The release of the report by Charles Duelfer and the Iraq Survey Group shows, once and for all time, that Scott Ritter was right. Let it be said that the entire mainstream media establishment, every single talking head and pontificating pundit who dismissed his input, owes Scott Ritter a gold-plated, diamond-studded apology. If karma had a living stick, those who ran Ritter down and cut him out would be forced to line up and kiss hiss ass in the middle of Times Square, simulcast on every network, in Spanish where available. He was right.
The publication of this book led to a seismic change in my life. Along with Ritter, I became one of the few people out there claiming that Iraq wasn't a threat, that the weapons weren't there, that weapons inspectors could prove this without a catastrophic war. I did dozens, hundreds of radio interview about this book. People thought I was nuts to say Hussein wasn't a threat; it was only a little more than a year since 9/11, and the Bush propaganda machine was ranging unchecked and unchallenged across the entire media spectrum.
Some of the reviews of the book that appeared on the Amazon page provide an apt description of the response I received:
"In the end, Ritter offer nothing new except political opinions based not on facts, but some other agenda which remains a mystery to Scott Ritter followers today." - October 1, 2002
"If this was a novel, it might be a little more forgivable. As it stands, this 'piece of work' (if any real work went into this joke of a book), is nothing but some un-informed leftist spouting-off anti-republican, liberalist nonsense. This author has no investigative ability at all, is somehow ignorant to the facts, or is just a common liar." - October 24, 2002
"It is a sloppily thrown together collage targeted to the 'no war in Iraq' crowd, and does not even feign objectivity." - November 18, 2002
"The book isn't well written, is clearly unfactual in the above and other areas, and, as has been noted by others, lacks a reference or bibliography. It might have been more honest to market it as fiction. There's certainly no answers here." - December 20, 2003
As for the aforementioned mainstream news media, their reaction was predictably nauseating. One example defines all: In the winter following the book's release, I got a call from an MSNBC producer. Hans Blix and the weapons inspectors had only been in Iraq a few days, and this producer wanted me on one of the pundit shows show. The catch, however, was that she wanted me to talk about what the inspectors were doing wrong. "What if I think they aren't doing anything wrong?" I asked. Silence on the line. A short chuckle. A demurral. A click. If I wasn't going to slam the inspectors, I wasn't wanted on MSNBC. This is one of the thousand reasons I want to break furniture whenever people take that network, or any of its on-air 'talent,' seriously.

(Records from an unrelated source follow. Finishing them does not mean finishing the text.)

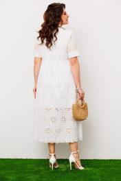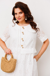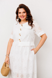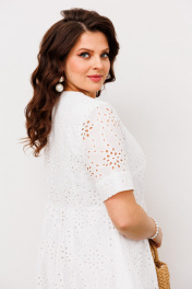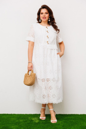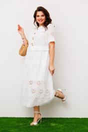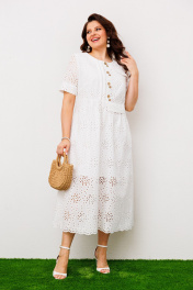 Платье женское отрезное по линии талии, длиной ниже колена, предназначено для повседневной носки. Верхняя часть переда с двумя нагрудными вытачками, с двумя односторонними зафиксированными складками справа, со средним швом с односторонней зафиксированной складкой, с цельнокроеной отлетной баской, с фигурным настрочным клапаном слева. Складка среднего шва декорируется 4-мя большими и 4-мя маленькими декоративными пуговицами. Нижняя часть переда с легкой сборкой по верхнему срезу. Верхняя часть спинки с двумя талиевыми вытачками, верхний срез нижней части спинки с легкой сборкой, расположенной между вытачками верхней части. В боковых швах платья обработаны карманы. Горловина круглая, обтачная, без воротника. Рукав втачной, короткий, одно шовный. Платье на хлопковой подкладке. Платье с плечевыми накладками. Длина спинки 115 см. Длина рукава 28 см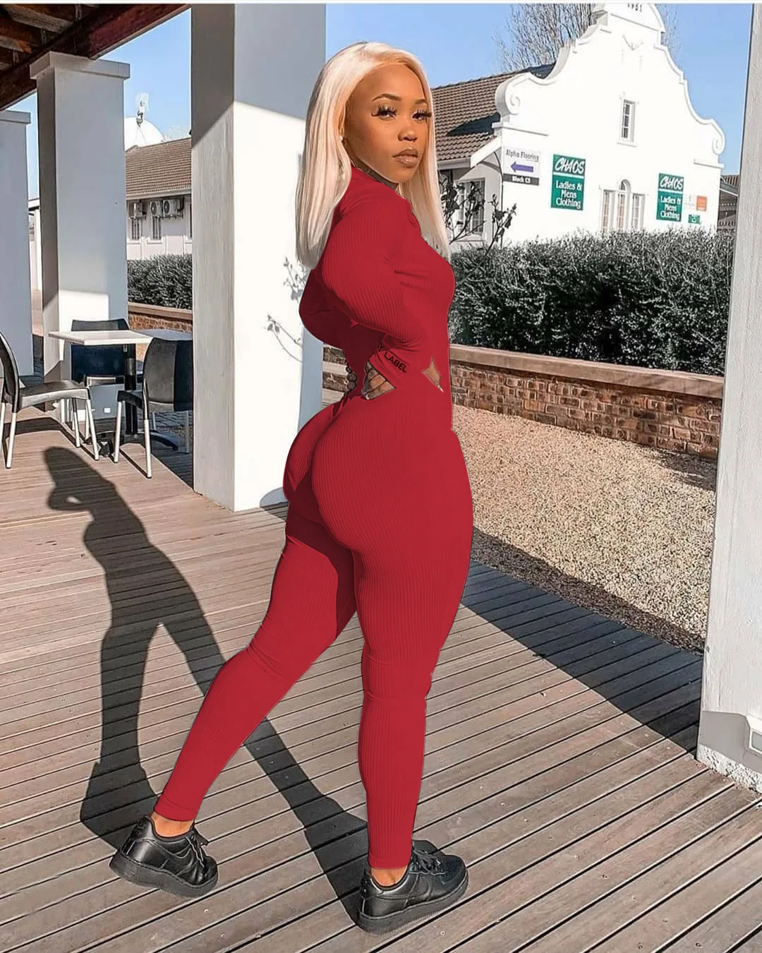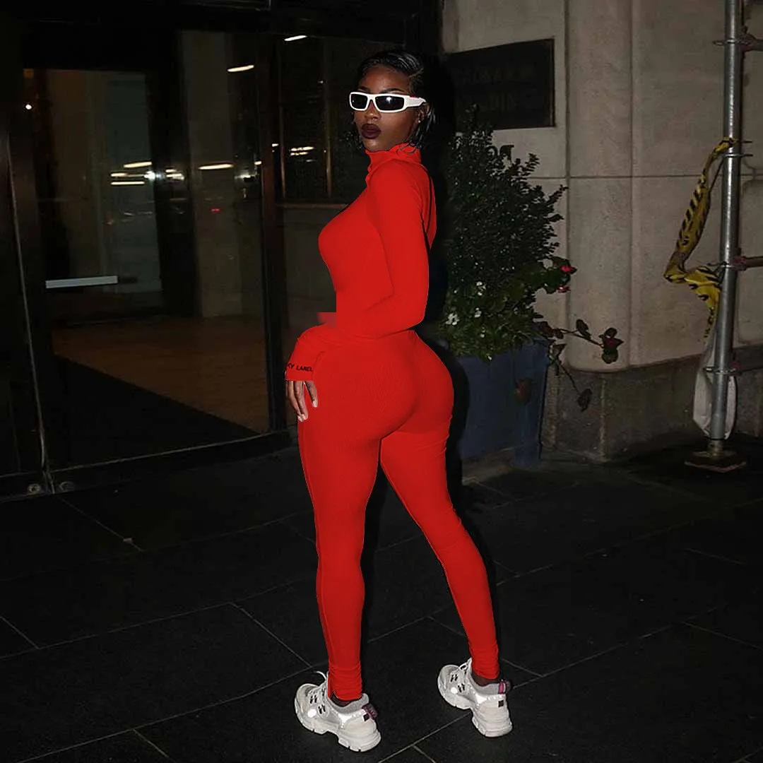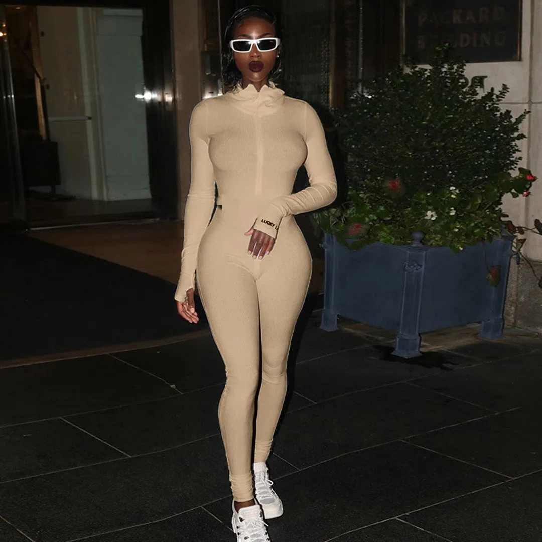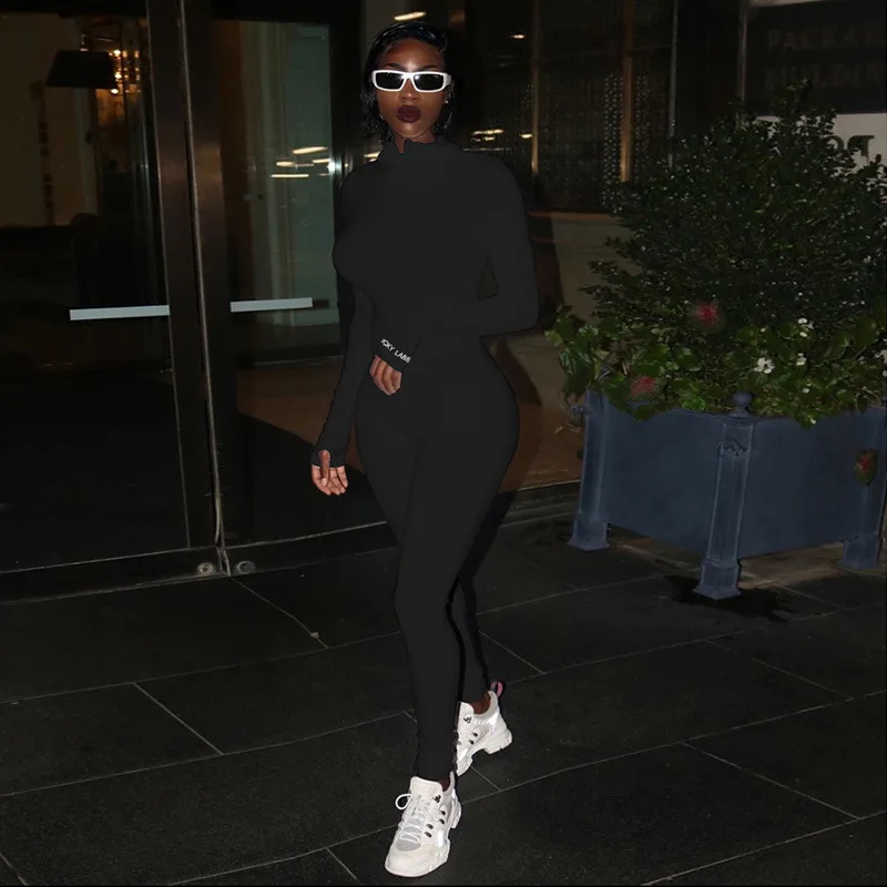 Комбинезон женский в рубчик, с высоким воротником и надписями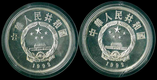 1992 中華人民共和國(野生動物-雪豹/白鶴-2全) $10 Proof 編號: NIL(共2枚)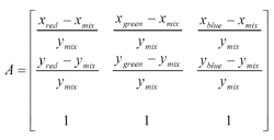 為您的系統(tǒng)設(shè)計(jì)LED控制機(jī)制,面對(duì)的是基本的線性代數(shù)。在得到您LED的色度坐標(biāo)后,您必須先建立一個(gè)矩陣,找出所要色彩點(diǎn)之間的delta值,如公式1所示。公式中色彩下標(biāo)字是LED的顏色,mix下標(biāo)代表您想要呈現(xiàn)的顏色。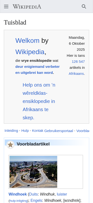 | Canonical URL | https://af.wikipedia.org/wiki/Tuisblad |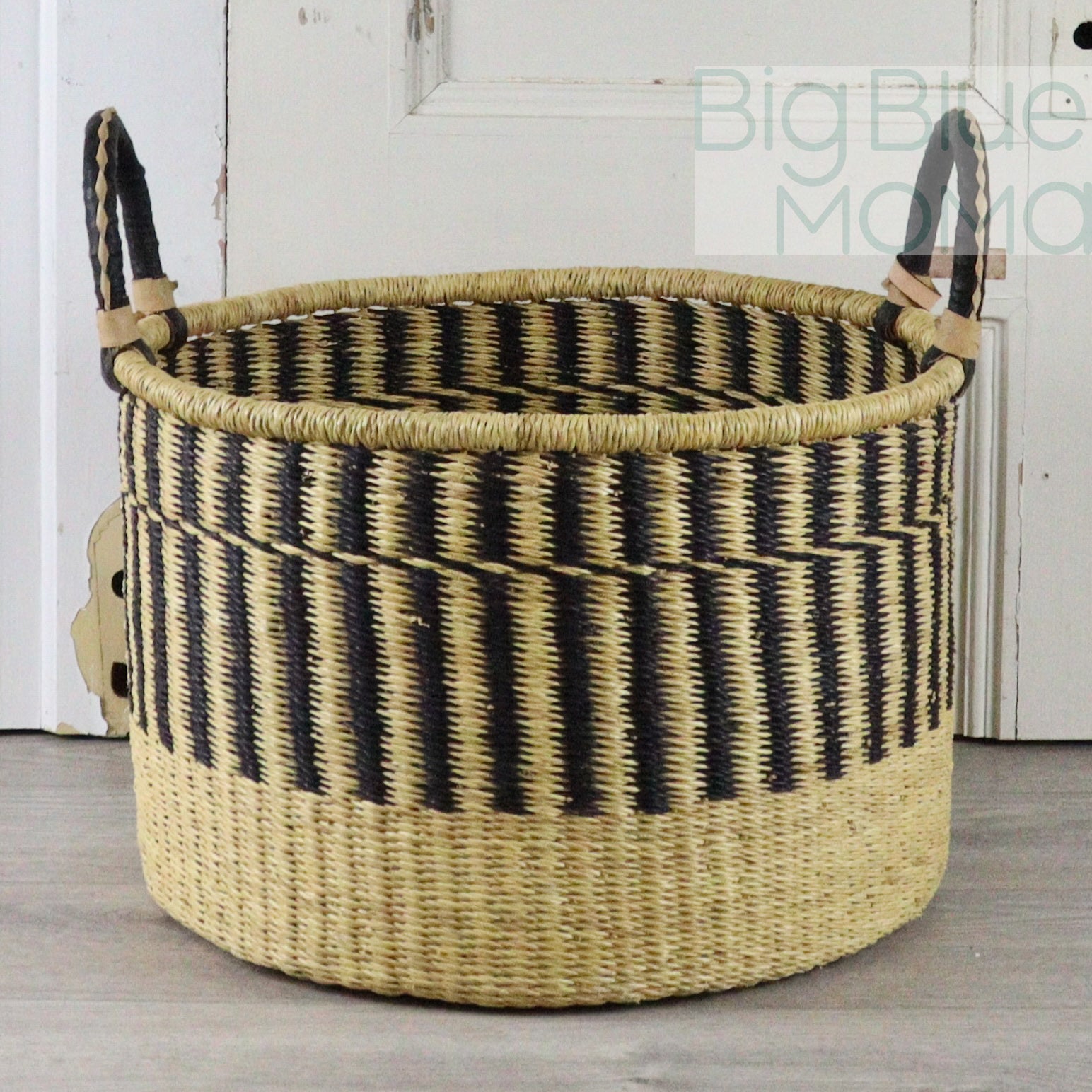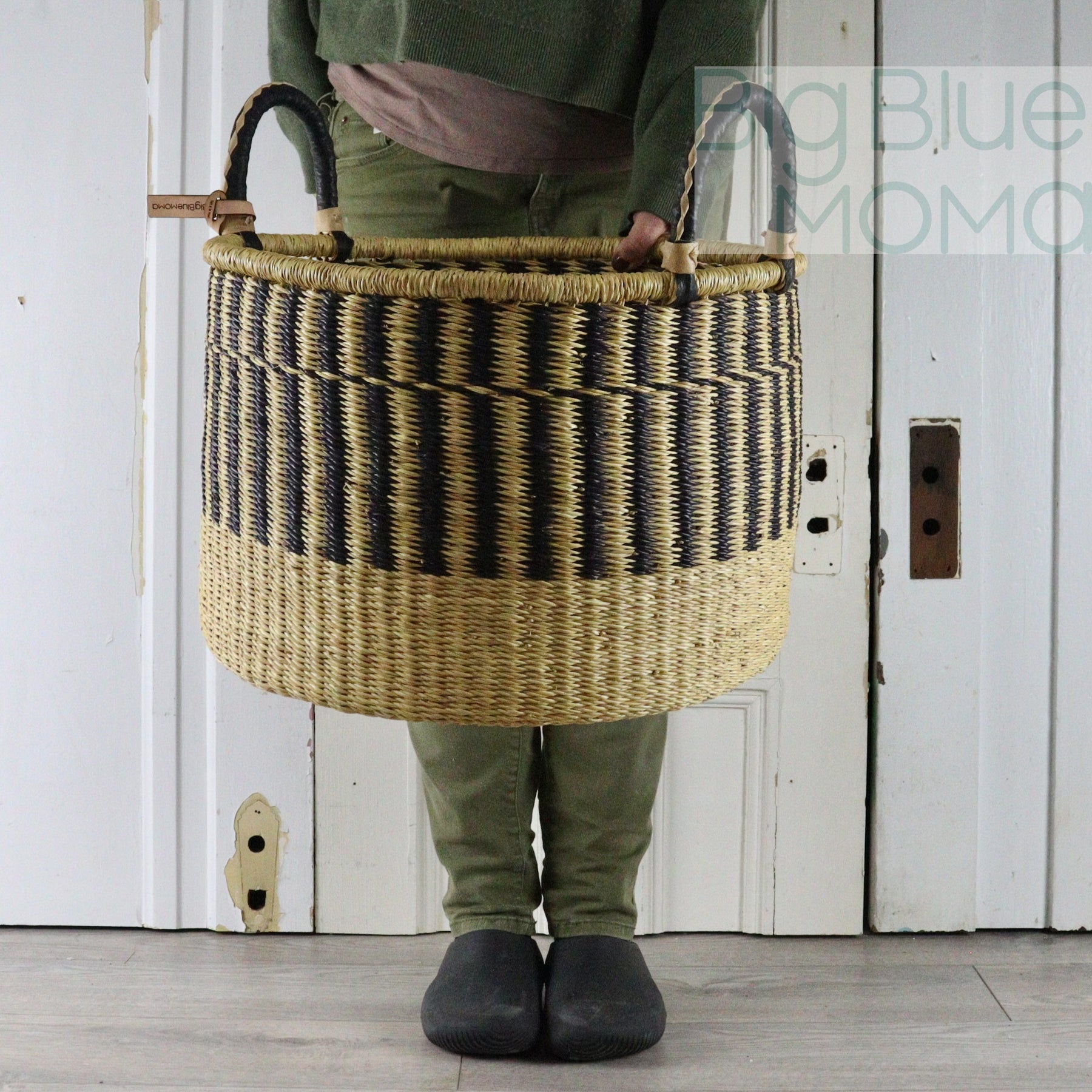 These handmade, hampers are practical for just about anything from laundry to dog toys to firewood. Sturdy construction and two handled design make it easy to carry large and heavy loads. All baskets are woven by hand with elephant grass indigenous to the Bolgatanga area of Ghana, West Africa. Handles are covered with goat leather reinforcing it's construction while also adding an extra level of comfort when carrying a full load.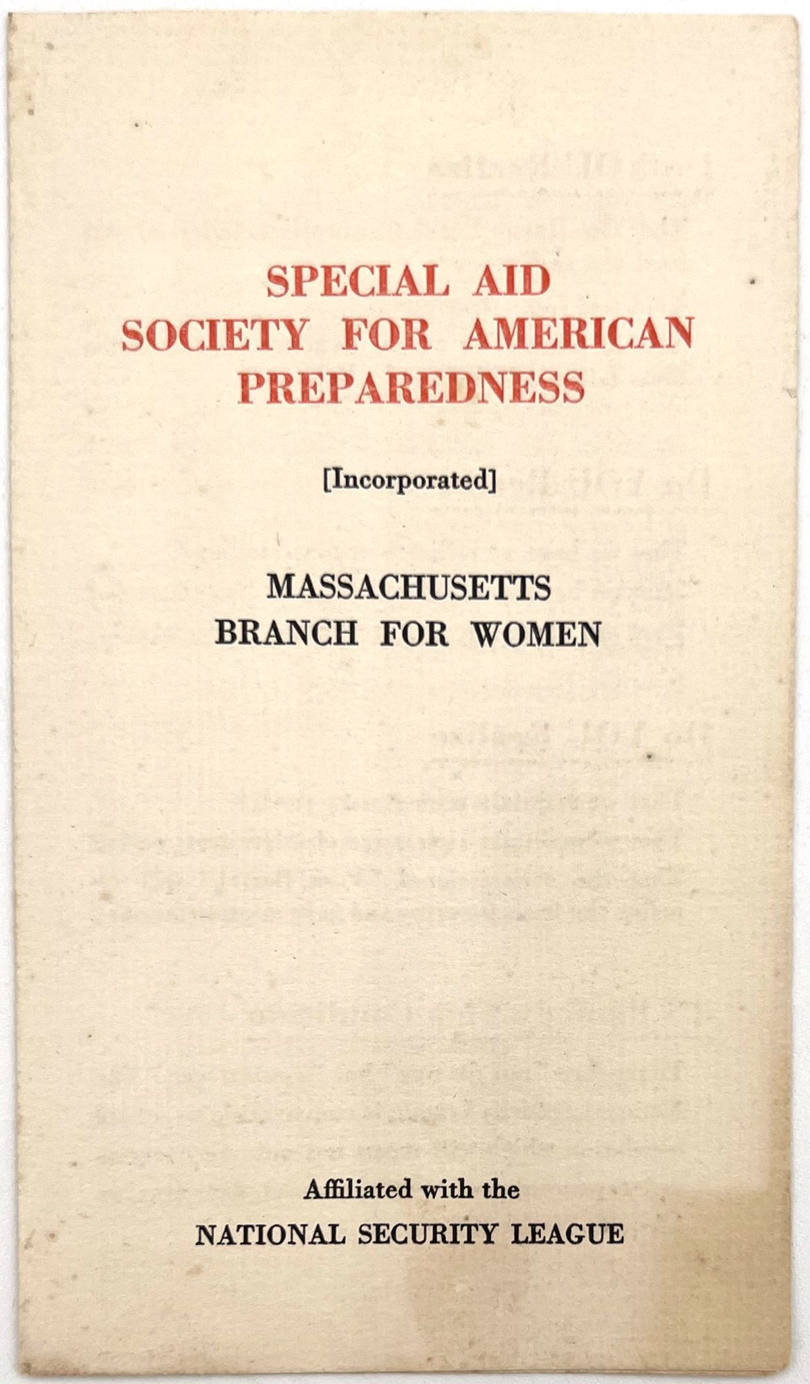 Massachusetts Branch for Women of the Special Aid Society for American Preparedness - [Promotional Pamphlet]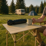 Camping Table Folding Camping Table Steel Aluminum Top Portable Picnic Beige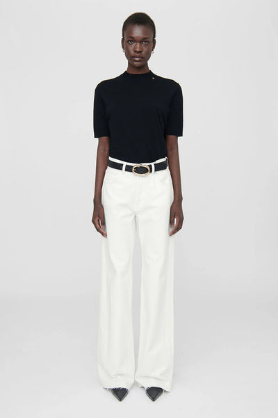 Bestselgende Hugh Jean fra Anine Bing er en avslappet, 90-tallsinspirert jeans med høyt liv, vide og lange ben samt råkant nederst. Laget i en stiv økologisk bomullsblanding uten stretch i en klassisk hvit vask med vintageinspirert sliping, håndsliping og høye og lave kanter. Modellen er en klassisk 5-lommes jeans med knappelukking.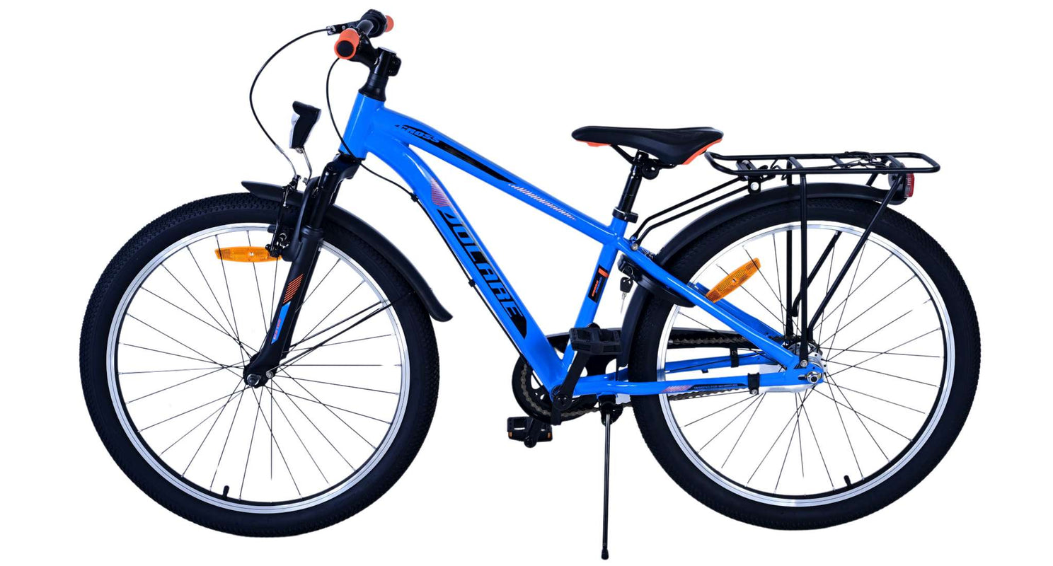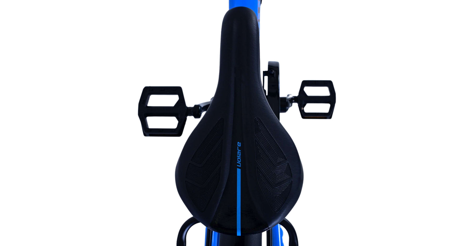 Veiligheid staat voorop! Daarom heeft deze gave fiets een handrem en terugtraprem, 3 versnellingen, reflectoren in de wielen en verlichting op batterij voor en achter. Ook aan het comfort is gedacht. De mooie donkerblauwe Volare fiets heeft een handige achterdrager om moeiteloos al je spullen mee te nemen, een comfortabel zacht zadel, een standaard zodat je fiets altijd netjes blijft staan en een stevig slot. Om zo lang mogelijk van de fiets te kunnen genieten heeft deze een extra lange zadelpen waardoor de fiets nóg langer met het kind meegroeit. Let op, het stuur is niet in hoogte verstelbaar!

The book wound up as a New York Times and international bestseller, and got translated into twelve languages. I received no royalties despite the success of the book; my publisher, in an attempt to stave off the Iraq invasion, published the book in numbers that far exceeded his financial capacity. We gave copies away at the massive Washington D.C. protests by the fistful. In the end, this led to the bankruptcy of his publishing company. I didn't care about not getting paid. The point was to get the facts out as far and wide as possible.
I traveled something like 100,000 miles over the next two years, talking to anyone and everyone who would listen. I dove into the heart of so-called 'Red States' like Texas, Colorado, Arizona, North Carolina, Montana, Indiana, Ohio and New Hampshire to talk about how this whole Iraq invasion was a snow-job that was going to wind up mass-producing new threats to our country. I gave up my beloved teaching job to do this full-time. When I wasn't speaking, I was writing for this publication, week after week, about the deadly fraud being perpetrated upon the American people and the world.
And now, almost a thousand days later, we get Charles Duelfer and the Iraq Survey Group's report. We hear in the media what I've been talking about since I first met Scott Ritter in July of 2002. The stuff wasn't there, hadn't been there for years, and was in no way about to be created. It was a total vindication of everything I had been talking about and writing about for more than two years, but there was no joy in it. I wanted to vomit.
I wanted to vomit because Bush and Cheney, since the release of the Duelfer report, have attempted to scramble towards a new rationale for the invasion. It was never about weapons of mass destruction, but about the possibility that someday - if the entire world decided to stop watching Iraq, and if the sanctions somehow magically disappeared - Hussein might maybe somehow make the stuff we've been looking for. I wanted to vomit because I have spent the last two years listening to things like this from George W. Bush and the members of his administration:
"Simply stated," said Dick Cheney on August 26 2002, "there is no doubt that Saddam Hussein now has weapons of mass destruction."
"We know for a fact that there are weapons there," said Ari Fleischer on January 9 2003.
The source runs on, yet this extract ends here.